Records to use »
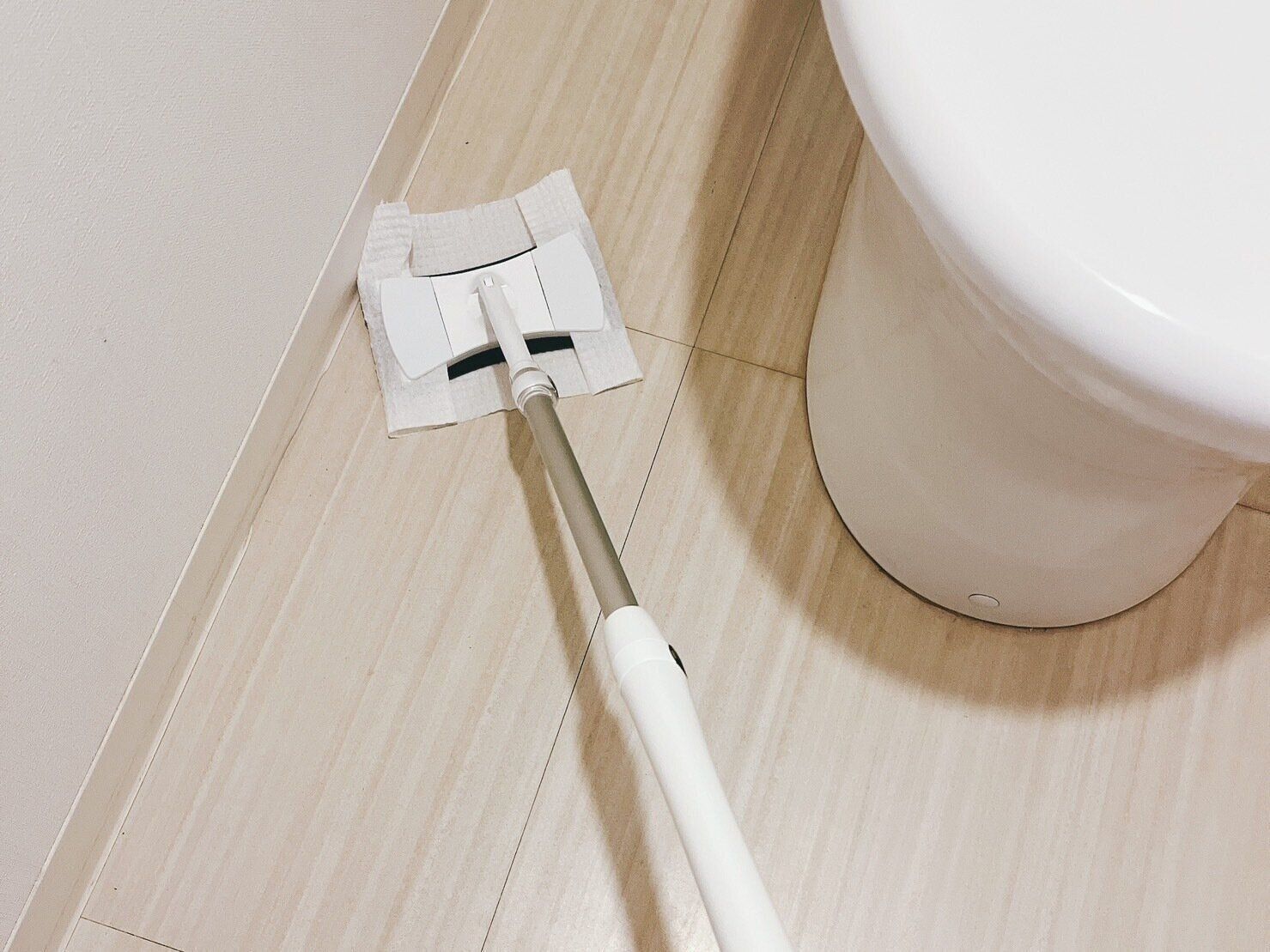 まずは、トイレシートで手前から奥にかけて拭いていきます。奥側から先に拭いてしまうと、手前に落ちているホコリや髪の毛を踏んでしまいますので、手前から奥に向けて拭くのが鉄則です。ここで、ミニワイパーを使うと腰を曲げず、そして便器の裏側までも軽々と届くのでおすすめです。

--

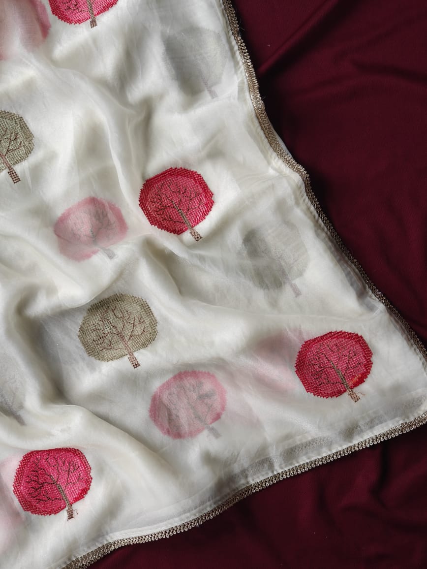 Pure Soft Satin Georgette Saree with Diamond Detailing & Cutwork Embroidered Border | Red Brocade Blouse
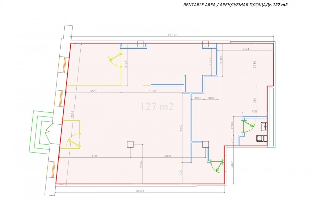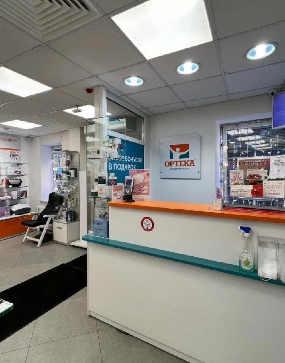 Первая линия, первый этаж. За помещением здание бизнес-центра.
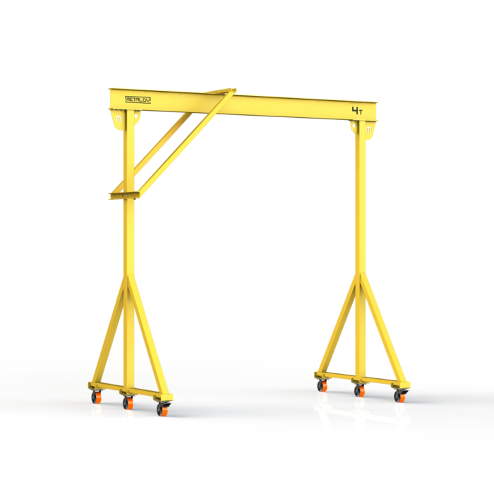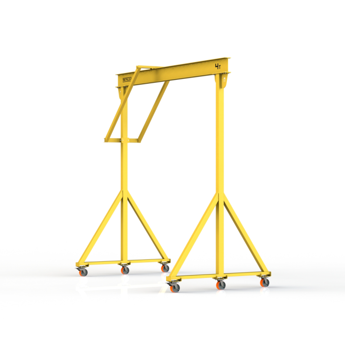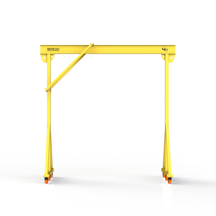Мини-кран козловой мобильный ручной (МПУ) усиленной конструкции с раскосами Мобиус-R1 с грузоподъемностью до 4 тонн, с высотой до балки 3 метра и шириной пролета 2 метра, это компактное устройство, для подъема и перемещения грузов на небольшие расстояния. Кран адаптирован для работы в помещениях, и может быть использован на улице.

Brief »
Could you repeat, exactly, only the lines above starting at the one that has "Первая линия, первый" and stopping after the one that has "Мини-кран козловой мобильный", without the pictures?

Your response »
 Первая линия, первый этаж. За помещением здание бизнес-центра.
Мини-кран козловой мобильный ручной (МПУ) усиленной конструкции с раскосами Мобиус-R1 с грузоподъемностью до 4 тонн, с высотой до балки 3 метра и шириной пролета 2 метра, это компактное устройство, для подъема и перемещения грузов на небольшие расстояния. Кран адаптирован для работы в помещениях, и может быть использован на улице.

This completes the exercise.